KUALA LUMPUR, Sept 23 — Health Minister Khairy Jamaluddin said he has stopped using the term “herd immunity” in terms of Malaysia’s target Covid-19 vaccination.
He explained that the rapid spread of the Delta variant makes the term no longer applicable, but added that the government is still focused on expanding vaccination coverage for public protection.
“With regards to the question asked by Pontian, as the health minister, I don’t use herd immunity anymore. At the time we began the vaccination programme, we used a conventional formula for us to calculate the herd immunity which was found to be between 70 and 80 per cent vaccination rate, and only then do we achieve herd immunity.
“However, at that time, it was before the spread of the Delta variant. Delta has basically thrown the herd immunity calculation and it is difficult to say when we can achieve herd immunity,” he said in his ministerial winding-up in the Dewan Rakyat.
Khairy was responding to Pontian MP Datuk Seri Ahmad Maslan, who asked why Malaysia’s Covid-19 death count is still high even after the 80 per cent immunisation target was achieved.
The government had previously declared 80 per cent as the target for herd immunity.
“That is why let us not look at the question of herd immunity.

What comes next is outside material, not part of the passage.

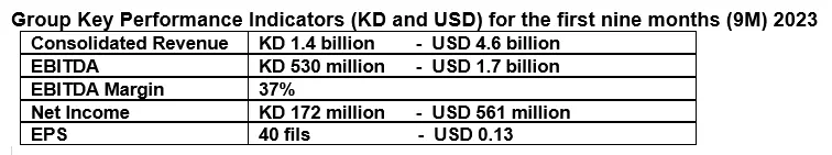 In Q3 2023, Zain generated consolidated revenue of KD 485 million (USD 1.6 billion), up 10% YoY. EBITDA for the quarter reached KD 183 million (USD 594 million), an increase of 7% YoY, reflecting a 38% EBITDA margin. Net income for the three months amounted to KD 60 million (USD 196 million), a 11% increase YoY. Earnings per share for Q3 amounted to 14 fils (USD 0.05).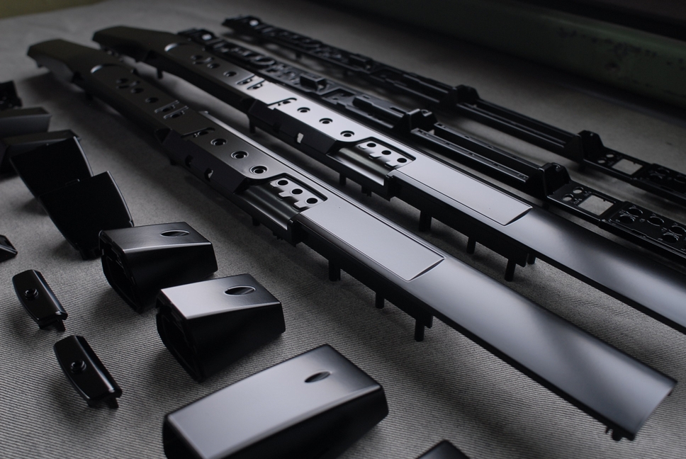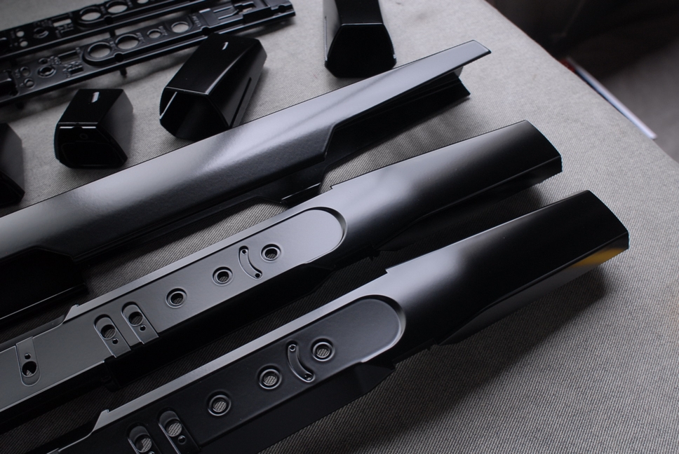 当初は「黒アルマイト」の色に合わせての色でご依頼頂いていたのですが、実は途中から変更となりまして「半艶黒」となりました。塗装品数も当初の数より絞って2セット分となります。

We have to ensure that the coverage is as wide as possible. The broadest possible coverage of vaccination and that is why the teenage NIP is very crucial,” Khairy added, referring to the National Covid-19 Immunisation Programme for 12 to 17-year-olds.
He said that it is not enough to just have between 70 and 80 per cent of the adults vaccinated, when the children are not.
“I think that the experts worldwide have stopped using herd immunity in the Covid-19 context,” Khairy said.
Kuala Selangor MP Datuk Seri Dzulkefly Ahmad then cut in and asked if the ministry will be reviewing the interstate travel policy since Prime Minister Datuk Seri Ismail Sabri Yaakob said yesterday that the restriction will be lifted once 90 per cent of adults in Malaysia are vaccinated.
Ismail Sabri, who chairs the special committee managing the Covid-19 pandemic, said this was among six decisions made yesterday.
The PM also announced that the special committee had decided that tourism centres, tourism premises or tourism products such as zoos, farms, aquariums, snorkelling, scuba diving, fishing tourism and forest parks (taman rimba) will be allowed to operate in all phases of the National Recovery Plan (NRP) from October 1, 2021 onwards, with the requirement for all operators and visitors to be fully vaccinated against Covid-19.
Khairy said that interstate travel activities alone do not contribute to Covid-19 cases, but “congregations”.
“So we will have to look at public health measures. Lifting the borders alone is not the issue so much. Mobility is not the issue so much,” he said, drawing support from Dzulkefly.
Ahmad also asked Khairy about lessons Malaysia could learn from New Zealand’s Covid-19 management practices.
Khairy said that while New Zealand could still afford to do “hard lockdowns” as it has a “zero Covid” approach, the Malaysian government expects there will be cases from time to time despite efforts to reduce the numbers.